The U.S. Department of Education’s recent regulations setting a standard calculation for high school graduation rates appear to have pleased disability-group advocates, who were concerned that a loose standard could mean fewer opportunities for students with disabilities to earn a regular diploma.
The regulations, published in the Federal Register Oct. 29, will be one of the last changes the Bush administration makes to the federal No Child Left Behind Act.
Among other revisions, the department attempted to bring clarity to the way high school graduation rates are calculated. Though graduation rates must be reported under the NCLB law, many states had slightly different ways of tracking their performance in that area.

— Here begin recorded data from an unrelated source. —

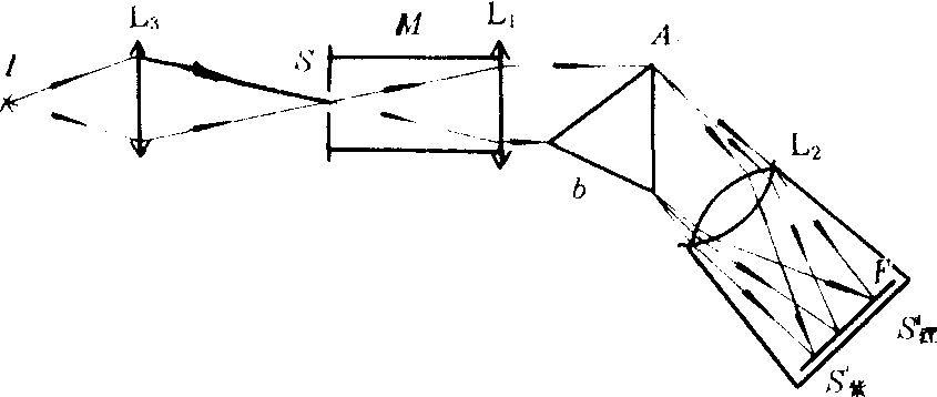 | 释义 | 光谱仪器guangpu yiqi将复色光分解为光谱,并对其进行观察和记录的仪器。它是进行光谱学研究的基本工具。其基本结构如图示:光源照射狭缝S,S位于准直物镜L1的焦面上,于是有平行光束射至色散元件(这里以棱镜为代表),光被分解为光谱并最后聚焦于成像镜L2的焦面F上。探测部件可在F面上接收信号,并送至记录系统进行处理。光谱仪器的主要部件有四个:❶光源。种类很多,如火焰、电弧、电火花、各种放电管等。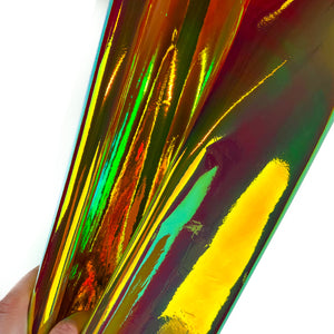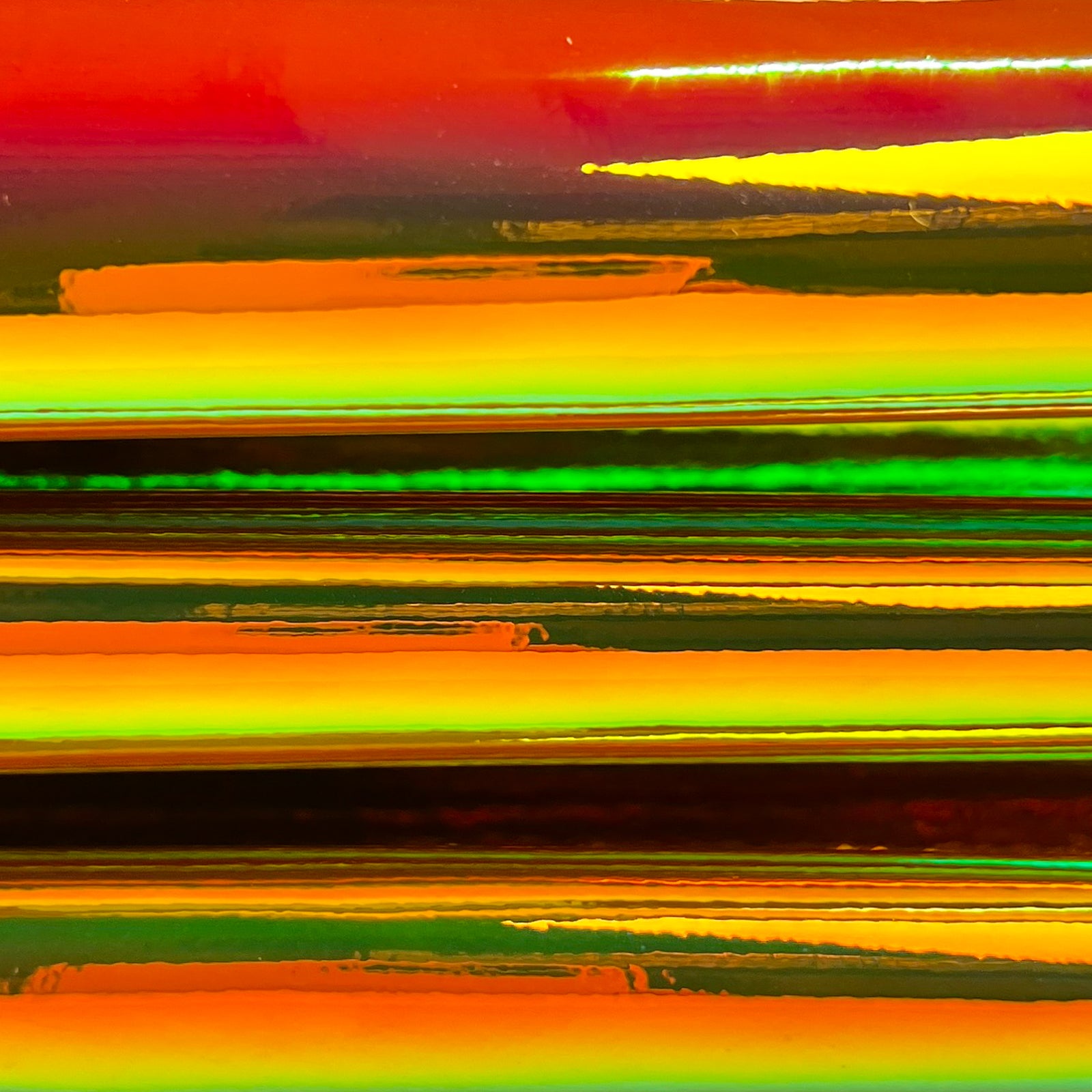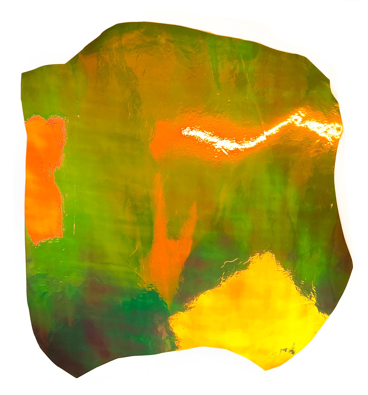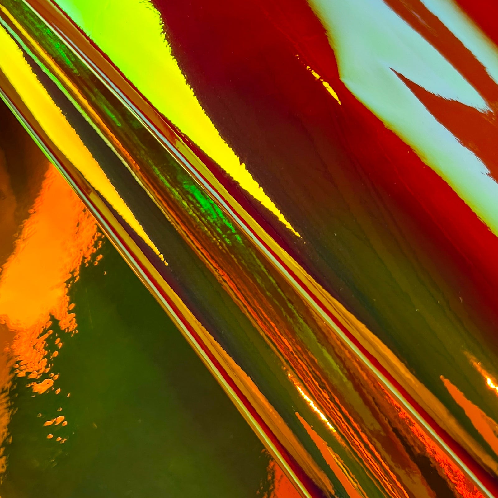 Various metallic yellow, green, and red leather holographic colors. Shiny mirror effect. Need to be careful with folding - can leave visible marks.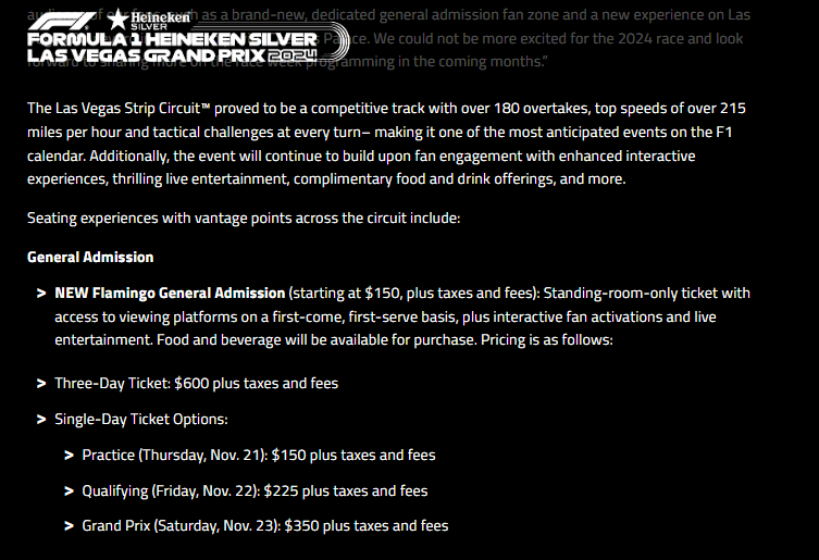 The F1 Las Vegas race heard the criticisms of the expensive tickets for the first race four months ago and has tried to make ticket prices more affordable for the Nov. 21-23 event. There’s a new $350 ticket for the grand prix race day. “We intentionally created two new GA fan zones, adding over 7,000 more GA tickets to ensure fans had access to the entry-level product. We also made sure Nevada residents were the first to be able to access this new offer,” a F1 Las Vegas spokesperson said.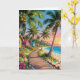 A beautiful birthday card with a seaside tropical paradise illustration. Inside the card is a sweet coastal themed poem. The front of the card is a beautiful illustration of a boardwalk along the coast, with palm trees with coconuts and strung fairy lights and small whimsical cottages.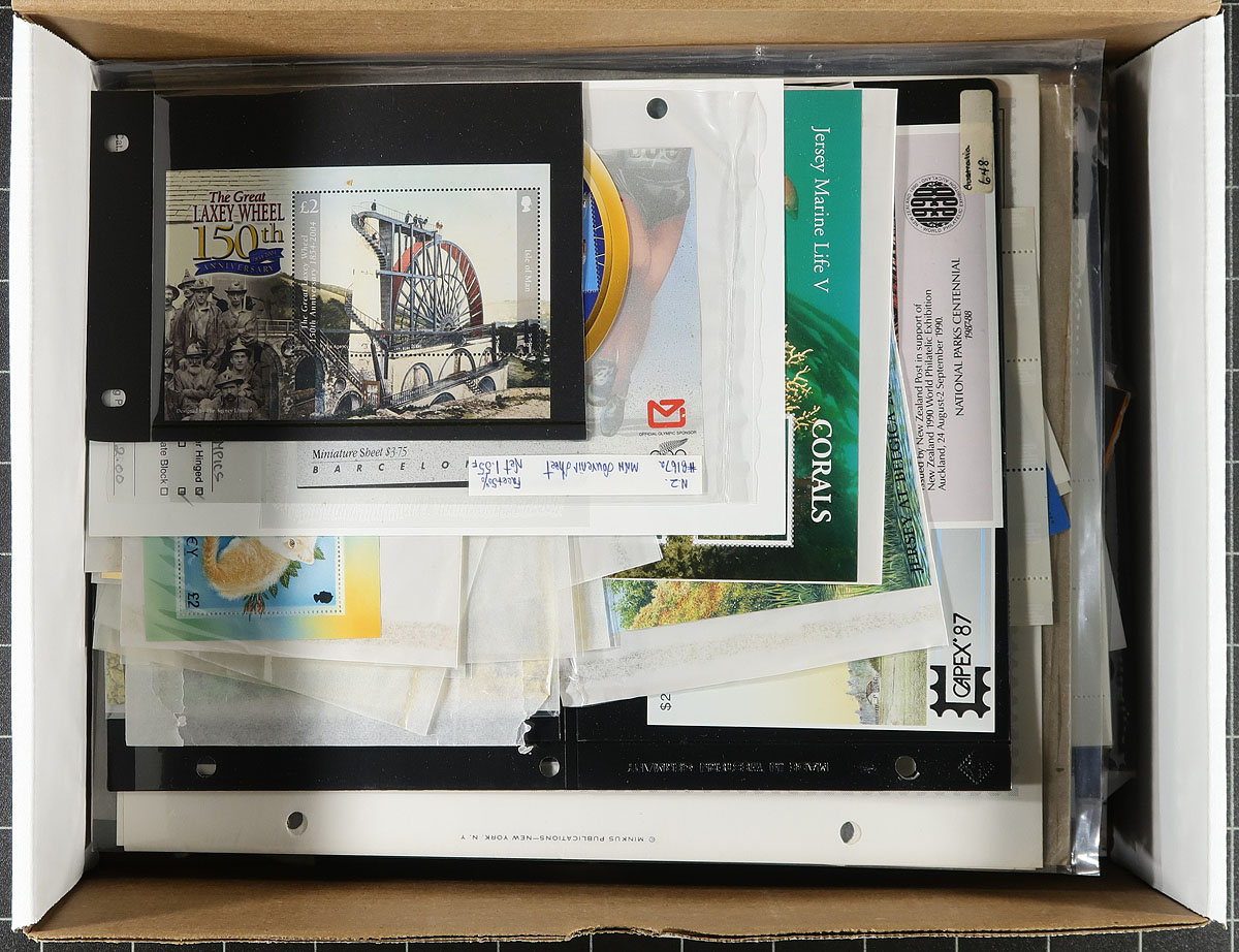 Accumulation of roughly 160 souvenir sheets and sheetlets, 1960's-1990's, nicely arranged in glassines or in stock pages, noting betting representation from Hungary (including a few imperforates), Poland, United Nations, and smaller representation from a few other regions. A spot check indicated some material cataloguing $7 to $30 each, with owner's 2012 Scott catalogue value for the majority of the lot totaling US$1,163.00 ($1570.05 CDN). A nice lot for topical and thematic collectors as we note a wide variety of suitable subjects, and for dealers as a number of items have been identified by Scott number and priced accordingly. Overall fine to very fine. Estimate =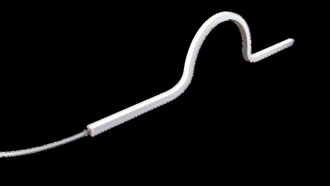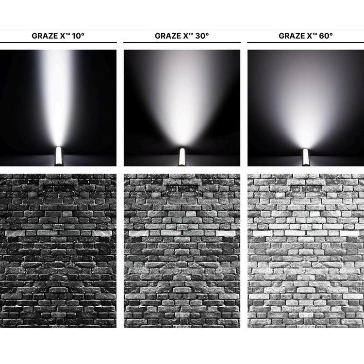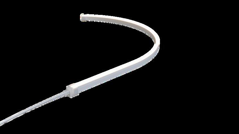 Flexible optic fixture engineered for directional grazing or washing of curved surfaces, niches, and architectural details.

The changes will require districts to report their graduation rate as the number of students who graduate in four years with a regular diploma, divided by the number of students who entered four years earlier. Adjustments can be made for students who leave the district for certain reasons, such as transfers.
By the 2011-12 school year, states must use this method as one of the measures for determining whether a high school has made adequate yearly progress. States must also break down graduation rates by subgroup, such as minority students and students with disabilities.
The new calculation reflects what governors had committed to use in 2005, in an agreement organized by the National Governors Association.
But concern over graduation rates and students with disabilities arose because the Individuals with Disabilities Education Act states that students covered under that law have the right to stay in school until age 22.
The Education Department will allow schools to report a separate graduation rate that takes into account students who graduate in more than four years, but that “extended year” rate will not replace the main calculation: how many students graduate in four years with a regular diploma.
Keeping up Pressure
Advocates were worried that too many students with disabilities could be left out of the calculations because of the idea. Only a small proportion of students with disabilities “age out” in school, said Candace Cortiella, the director of the Advocacy Institute, a nonprofit organization in Marshall, Va.
“We do want there to be a focus on getting kids with [individualized education programs] out in four years,” Ms. Cortiella said. “The pressing need is to focus on getting kids graduated and to make some new inroads on the dropout rate.”
Ricki Sabia, the associate director of the National Down Syndrome Society’s policy center in Washington, said she was pleased that the department decided not to use a proposal floating around Capitol Hill that would have allowed students who earn alternative diplomas to be counted as graduates.
Students with significant cognitive disabilities sometimes receive “certificates of completion” or “IEP diplomas” instead of regular diplomas that demonstrate academic achievement.
If such students could be counted as high school graduates, it might be an incentive to direct students onto an easier path to high school completion, Ms. Sabia said, rather than work to improve their academic skills.
“You don’t want to be giving too much leeway with that,” she said.
In comments that accompanied the new regulations, the Education Department explained that states can choose to report separately the students who receive alternative diplomas. Also, states are not required to aim for a 100 percent graduation rate, in recognition that some students will not be able to earn a regular diploma.
Alternative Diplomas
Still, some draft proposals for reauthorizing the No Child Left Behind law would allow students who earn alternative diplomas to be counted as high school graduates. Ms. Sabia said her group would work to make sure such language would not reappear once the education law comes up for reauthorization.
Congress had been scheduled to reauthorize the nearly 7-year-old law, but could not reach an agreement on revisions. Changes to the legislation are expected to be taken up by the new Congress that will be sworn in next January.
Some education groups expressed concern that the rules represent overreaching on the part of the department.
But Bob Wise, the former West Virginia governor who is now the president of the Alliance for Excellent Education, a Washington-based group that advocates reform of the nation’s high schools, supports the regulations and said rather than an overreach, they’re a long-delayed improvement.
“This is eight years overdue. This should have been done in the first implementation of NCLB,” Mr. Wise said. “What the secretary did was what most people acknowledged needed to be done.”